Supplied information:

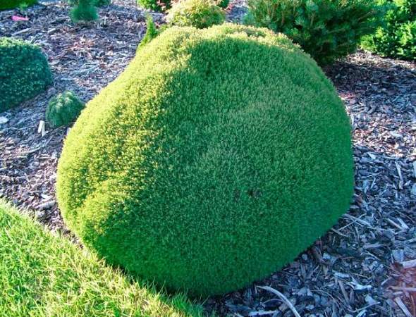 Туя западная Teddy (Тедди). Карликовый шаровидный сорт туи. Побеги тонкие, густо расположенные, у молодых экземпляров с игольчатой хвоей. Достигает 0,3 м в диаметре. Прирост 2-3 см в год. Требует плодородной и влажной почвы. Не требует стрижки. Месторасположение — солнце, полутень.
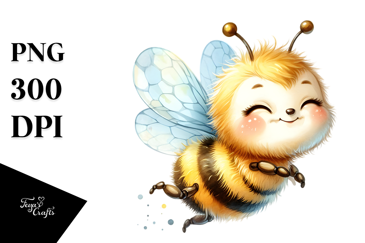 Cute Baby Bee in Watercolor PNG example image 1
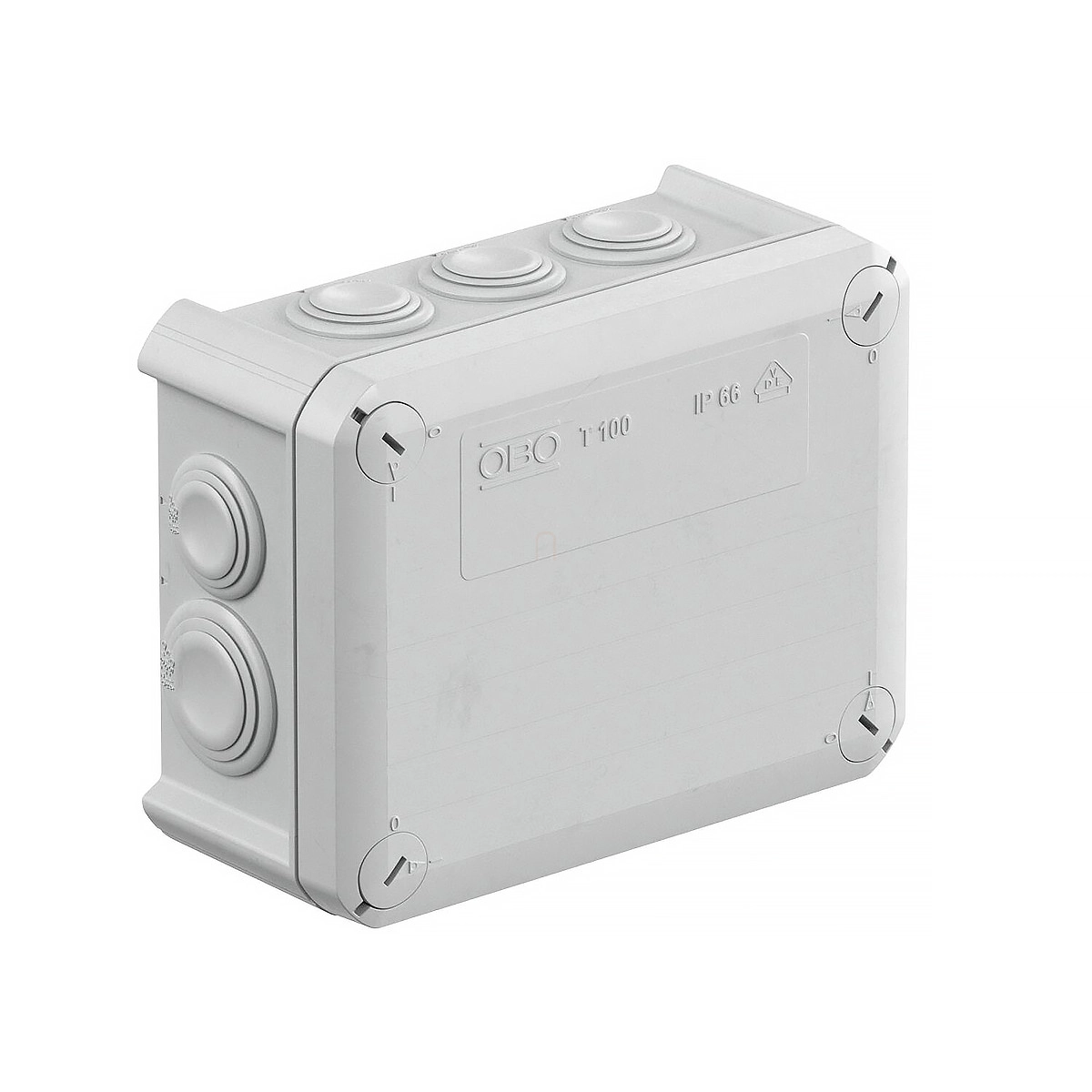 OBO T 100 M25-M32 Leágazódoboz bevezetőnyílások: 8xM25 2x M32 150x116x67 világosszürke 2007081
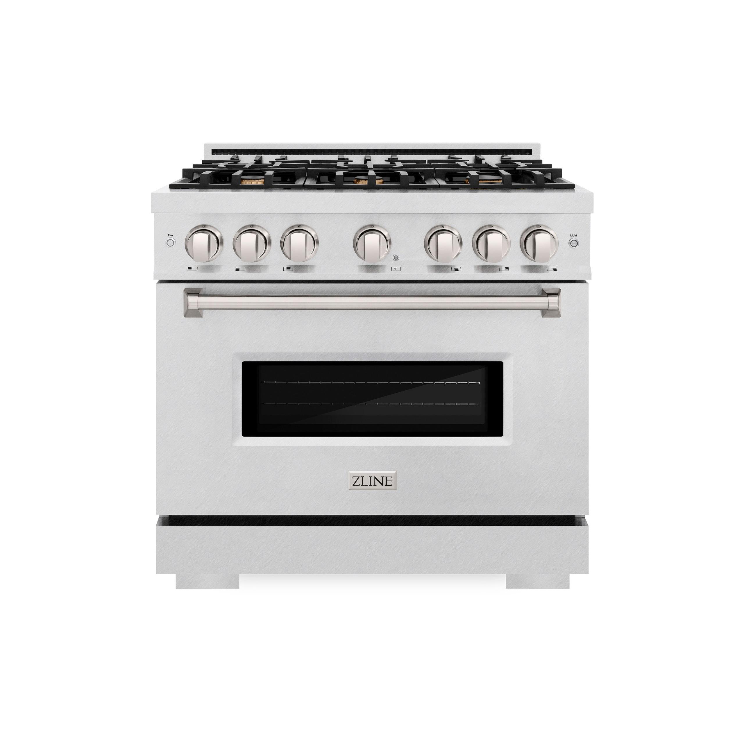 Luxury isn't meant to be left desired'it's meant to be attainable. The ZLINE 36 in. 5.2 cu. ft. Classic Gas Range with Convection Gas Oven in Satin Stainless Steel with 6 Brass Burners (CGRS-BR-36) combines the elegance of a hand-finished porcelain gas cooktop with 6 Italian-made brass auto-reignition burners, a gas convection oven with an energy-efficient cooling fan to ensure quiet operation, and a Landscape oven door window design allowing you to master every meal. With a modern, timeless style and refined functionality, ZLINE Classic Gas Ranges are masterfully crafted to deliver an elevated culinary experience.
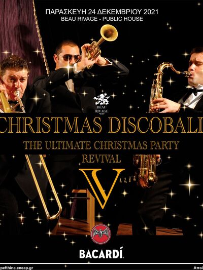 To Christmas Discoball είναι ένα από τα event που αποτελούν σημείο αναφοράς για την πόλη την περίοδο των Χριστουγέννων με μεγάλη προσέλευση κόσμου η οποία το καθιστά ένα από τα must των εορτών και της διασκέδασης. Φέτος το Christmas Discoball- επανέρχεται δυναμικά στο Beau Rivage – Public House Ρ. Φεραίου 79. Η ατμόσφαιρα της εκδήλωσης θα έχει, ένα glamourous χριστουγεννιάτικο χαρακτήρα, μουσική Disco που μας μεταφέρει στην αστραφτερή εποχή των 70`s, welcome drinks, free drinks, free finger food, late night pasta με περιορισμένο αριθμό προσκλήσεων.
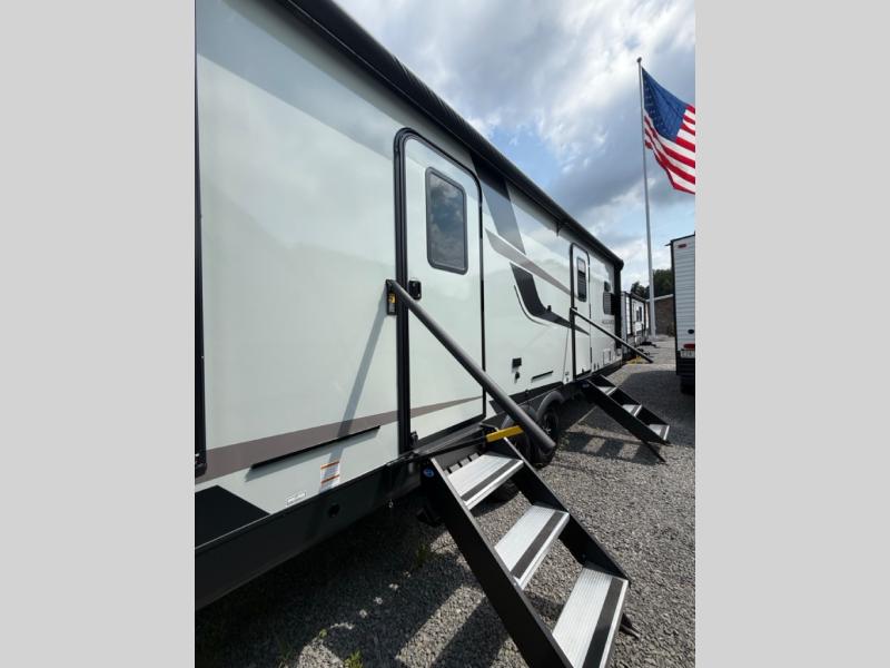 When you are outside this trailer you can enjoy the protection from the 21' power awning, you will also find exterior storage for your extra gear, and a ladder at the rear. You get to choose which entrance to step up into, be it the spacious rear bedroom with a queen bed slide and a wardrobe, or the main entry into the kitchen and living area. The furniture slide includes a booth dinette to eat your meals at, and theater seating to watch the Smart TV with a fireplace below. And the cook will love the front kitchen with extra counter space, a three-burner range, plus a 12V refrigerator and pantry for food storage!

Prompt:
Would you reproduce the lines above, from the very first through the line containing "Luxury isn't meant", exactly and without the pictures?

Solution to this exercise:
 Туя западная Teddy (Тедди). Карликовый шаровидный сорт туи. Побеги тонкие, густо расположенные, у молодых экземпляров с игольчатой хвоей. Достигает 0,3 м в диаметре. Прирост 2-3 см в год. Требует плодородной и влажной почвы. Не требует стрижки. Месторасположение — солнце, полутень.
 Cute Baby Bee in Watercolor PNG example image 1
 OBO T 100 M25-M32 Leágazódoboz bevezetőnyílások: 8xM25 2x M32 150x116x67 világosszürke 2007081
 Luxury isn't meant to be left desired'it's meant to be attainable. The ZLINE 36 in. 5.2 cu. ft. Classic Gas Range with Convection Gas Oven in Satin Stainless Steel with 6 Brass Burners (CGRS-BR-36) combines the elegance of a hand-finished porcelain gas cooktop with 6 Italian-made brass auto-reignition burners, a gas convection oven with an energy-efficient cooling fan to ensure quiet operation, and a Landscape oven door window design allowing you to master every meal. With a modern, timeless style and refined functionality, ZLINE Classic Gas Ranges are masterfully crafted to deliver an elevated culinary experience.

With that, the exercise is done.